Skip to content

ADR 13: Time-based alphanumeric id generation

Status

Accepted

Context

Current State

Payment Ids consist of a 9-digit alpha numeric portion. The orchestration is currently generating the number randomly. A non-random pattern is preferable, however the chance of collisions is very low.

The Request

The product ask is to generate only upper case alphanumeric characters for the 9-digit portion.

Problems

  • Moving to upper-case takes us from base 62 to base 36. Collisions will still be low, however could be 1-2 per month.
  • The random id pattern gives zero context into the ID, such as sequence or source.
  • A source system is still creating and originating payments for a time, so we can't control the upper or lower bounds.

Objectives

  • Add a partition or sequence to the ids. This could give us context to the time and or originating node.
  • Reduce or eliminate the chance of collisions.
  • Generate the id atomically.

Decision

The orchestration nodes will generate a 9-character Base36 ID structured as follows:

  • Timestamp (6 characters):
    • Encoded in Base36, representing the number of seconds since the custom epoch (2024).
    • This covers 60 years of operation, providing enough time granularity to ensure uniqueness across time.
  • Worker ID (1 character):
    • A single Base36 character uniquely identifies each worker node. This supports up to 36 nodes.
  • Counter (2 characters):
    • Each worker node will have a 2-character Base36 counter to differentiate IDs generated within the same second.
    • This counter supports 1,296 unique IDs per second for each worker node.

ID Format

[Timestamp][WorkerID][Counter]

Example

2KNQ8300Z
2KNQ83010
2KNQ83011
2KNQ83012
  • 2KNQ83: Represents the seconds since the epoch (January 1, 2022) in Base36 (6 characters).
  • 3: The worker ID (in this case, worker node 3).
  • 00Z, 010, 011, ...: The counter value for each generated ID (in Base36, using 2 characters).

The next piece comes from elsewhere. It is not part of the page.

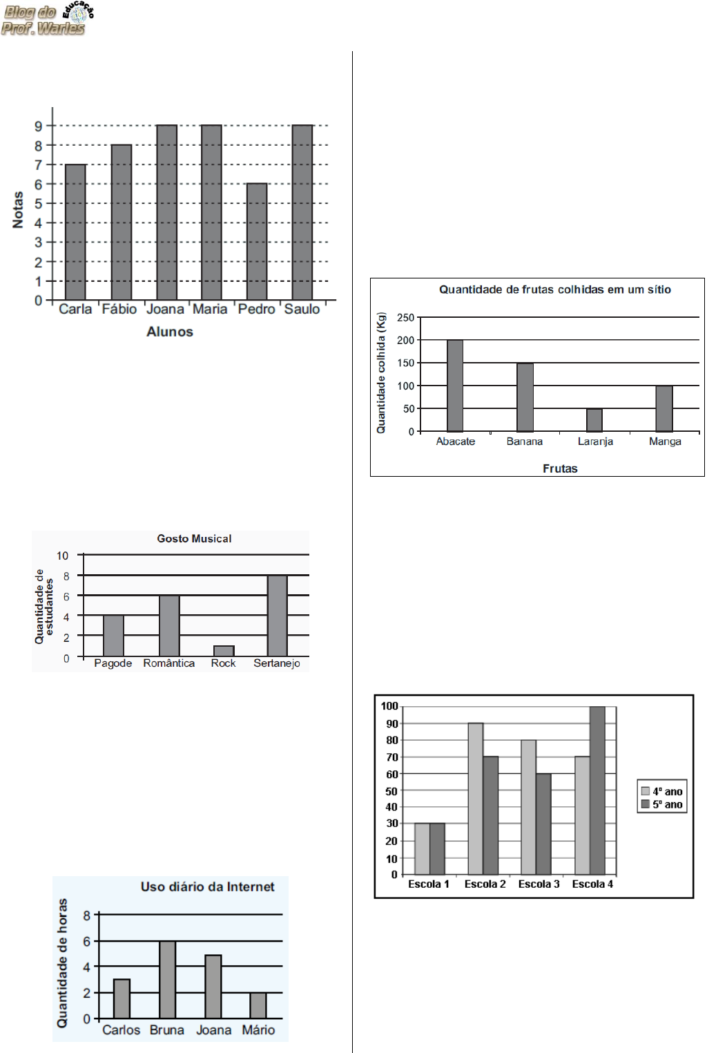 D28 - Ler informações e dados apresentados em gráficos (particularmente em gráficos de colunas). ------------------------------------------------------------------ (SAEP). Observe no gráfico abaixo as notas de alguns alunos do 4º ano. Qual desses alunos tirou nota 7? A) Carla. B) Fábio. C) Joana. D) Saulo. ------------------------------------------------------------------ (PAEBES). Observe no gráfico abaixo o resultado de uma pesquisa realizada no 5º ano de uma escola sobre a preferência por estilos musicais. De acordo com esse gráfico, qual é o estilo musical escolhido pela maior quantidade de estudantes dessa turma? A) Pagode. B) Rock. C) Romântica. D) Sertanejo. ------------------------------------------------------------------ (PAEBES). Observe no gráfico abaixo a quantidade de horas diárias que quatro adolescentes usam a internet. De acordo com esse gráfico, qual dos quatro adolescentes usa a internet por mais tempo em um dia? A) Bruna. B) Carlos. C) Joana. D) Mário. ------------------------------------------------------------------ (SEAPE). No gráfico abaixo está representada a quantidade de frutas, em quilogramas, colhidas em um sítio no mês de outubro. De acordo com esse gráfico, quantos quilogramas de laranja foram colhidos nesse sítio no mês de outubro? A) 50 B) 100 C) 150 D) 200 ------------------------------------------------------------------ (SIMAVE). No gráfico abaixo são apresentados dados sobre o número de alunos do 4° e do 5° ano de quatro escolas. Em qual dessas escolas há o maior número de alunos no 4° ano? A) Escola 1. B) Escola 2. C) Escola 3. D) Escola 4. ------------------------------------------------------------------ (PROEB). A escola “Quatro Estações” realizou eleições para escolher os representantes de turma. A professora Mara, da turma do terceiro ano, registrou os votos de cada um dos candidatos no gráfico abaixo: Quem ganhou a eleição nessa turma do terceiro ano? A) Mônica B) Márcia C) Maurício D) Marcelo ------------------------------------------------------------------ O gráfico abaixo mostra a quantidade de pontos feitos pelos times A, B, C e D no campeonato de futebol da escola. De acordo com o gráfico, quantos pontos o time C conquistou? (A) 50 (B) 40 (C) 35 (D) 30 ------------------------------------------------------------------ No final do ano os alunos do 5º ano fizeram uma pesquisa na sala para saber onde cada um ia passar as férias. Cada aluno podia escolher um só lugar. O gráfico mostra o resultado da pesquisa. Qual dos locais foi o menos escolhido pelos alunos para passarem as férias? (A) Casa. (B) Fazenda do tio. (C) Praia. (D) Sítio da vovó. ------------------------------------------------------------------ Os estudantes do 5º ano realizaram uma entrevista com quatro turmas da escola para verificar que profissões os estudantes desejam seguir futuramente. Observe o gráfico abaixo que representa o resultado dessa pesquisa. Nessa pesquisa, qual foi a profissão mais escolhida? (A) Advogado. (B) dentista (C) médico (D) professor ------------------------------------------------------------------ (SPAECE). O gráfico abaixo mostra a quantidade de alunos de uma escola, de 1ª a 4ª série. Quantos alunos têm essa escola? A) 12 B) 15 C) 48 D) 50 ------------------------------------------------------------------ Este gráfico apresenta o perfil de altitude de alguns dos morros da cidade do Rio de Janeiro. O número de metros que o Morro Pão de Açúcar tem a mais que o seu vizinho, Morro da Urca, é de (A ) 176 m. (B) 196 m. (C) 314 m. (D) 490 m. ------------------------------------------------------------------ Os alunos de uma escola participaram de uma campanha solidária para arrecadar roupas, mantimentos e água potável para os desabrigados das enchentes no Nordeste. Observe o gráfico. A semana em que a turma A conseguiu arrecadar mais de 60 itens, foi a (A) 1ª semana. (B) 2ª semana. (C) 3ª semana. (D) 4ª semana. ------------------------------------------------------------------ Observe o gráfico. Ele apresenta o número de alunos que participam dos Jogos Estudantis organizados entre várias escolas. O esporte que está com o maior número de alunos inscritos é o (A) atletismo. (B) basquete. (C) handebol. (D) voleibol. ------------------------------------------------------------------ A turma de Luis está estudando sobre os bairros da cidade do Rio de Janeiro. À medida que os bairros são estudados, eles colocam os dados coletados em gráficos. Observe o gráfico com o número aproximado de habitantes de alguns bairros já pesquisados pela turma de Luis. De acordo com este gráfico, o bairro que, aproximadamente, tem a população 3 vezes maior que a população de Madureira é (A) Vargem Grande. (B) São Cristóvão. (C) Copacabana. (D) Campo Grande. ------------------------------------------------------------------ (Saresp 2007). O gráfico abaixo mostra a quantidade de chuva em uma cidade nos meses de janeiro a junho. Observando o gráfico, podemos afirmar que: (A) Janeiro foi o mês com a menor quantidade de chuva. (B) Em fevereiro choveu mais do que em abril. (C) A diferença entre a quantidade de chuva dos meses de março e de junho foi de 500 litros. (D) O mês de março foi o mês em que mais choveu. ------------------------------------------------------------------ (Saresp 2007). O gráfico abaixo mostra a quantidade de árvores de um sítio. Quantas árvores estão plantadas nesse sítio? (A) 39 (B) 38 (C) 29 (D) 26 ------------------------------------------------------------------ (Saresp). O gráfico abaixo mostra a venda de caixas de papelão de uma fábrica de embalagens no primeiro semestre de 2005. A diferença entre a quantidade de caixas vendidas nos meses de maior e de menor venda foi: (A) 7065 caixas (B) 1271 caixas (C) 631 caixas (D) 288 caixas ------------------------------------------------------------------ (Prova da cidade 2009). Os alunos de uma turm

A code sample provides a working example.

Consequences

Positive

  • The requirement to move to upper-alphanumeric will no longer affect the chance of collision.
  • The design ensures no collisions across 36 nodes generating up to 1,296 IDs per second per node.
  • Time-based partitioning provides sequential, non-adjacent IDs that are unique across the 60-year operational period.
  • Atomic generation at the node level ensures thread safety within each worker.
  • The ID will indicate the worker that created the record.

Negative

  • The 9-character limit constrains the number of worker nodes and IDs generated per second per worker. However, this is sufficient given the current system's requirements of generating 6 million IDs per month.
  • The complexity is higher than that of random generation.
  • We will still have a small chance of collision due to the existing ids.
    • A collision scenario should be tested to ensure minimal impact.
  • The worker limit of 36 is reasonable even for future load. If we need to exceed 36 workers, we have these options:
    • Route id creation to only 36 specific workers.
      • We only generate ids with outbound, for example.
    • Treat the 3 characters for worker + counter as a 16 bit integer as follows:
      • Allocate 6 bits for the Worker ID (64 possible workers).
      • Allocate 10 bits for the Counter (1,024 possible IDs per second per worker).

Also Considered

Generate in a SQL server proc

  • Prefer not to add more workload to SQL
  • We already generate in the app, so this is less invasive.

Perform a lookup to avoid collisions

  • Requires timing consideration for migrations
  • Affects archive efforts and would require storage of ranges that conflict with potential ids.
  • Doesn't seem worth the low collision risk that we will have.